The BP also said that he appreciated that Maginley-Liddie appeared to have a report with a number of detainees, suggesting she had met with them before.
Despite the city’s waffling on the closure plan, Richards said he stands by his 2019 vote as a councilmember to shutter the jail complex.
He said he also believes receivership should be seriously considered, but that his full support for what would be an extreme judicial order would depend on a number of other factors.
“I would say that I've been a proponent of receivership, without a doubt,” Richards said. “But receivership wouldn't be some magic bullet, either.”
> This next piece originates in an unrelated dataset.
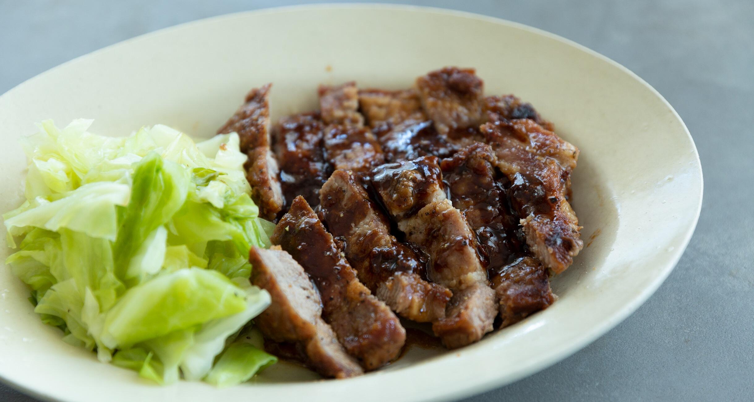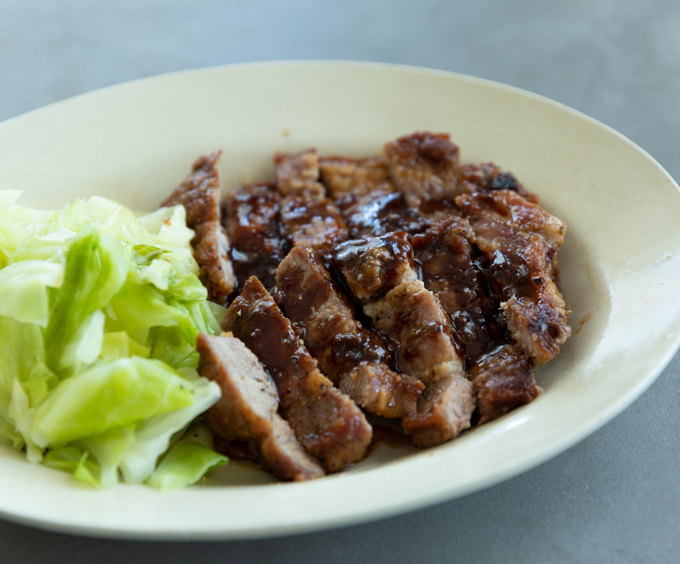 ③の肉を食べやすく切って器に盛り、フライパンに残ったソースをかける。好みで蒸しキャベツを添える。

The borough president said that he’d likely continue to support the call for receivership unless the DOC was able to make a number of changes to the way detainees are locked up in New York City, and to make them quickly.
To start, Richards said the agency should fully restore the programming it cut last year and additional programming that was lost during the pandemic. He also said the city needs to do a better job providing mental health care to detainees – in an effort to expand the number of detainee beds in the borough-based jail facilities, Adams recently said his administration would cut a number of planned mental health beds in the yet-to-be-built jails.
But most of all, he wants to see detainees held in humane conditions.
“You want an environment to be more conducive to ensuring people can rehabilitate – you have to invest,” he said. “[But] at this moment, I would still say, ‘Yes [to receivership], unless those key things were met.”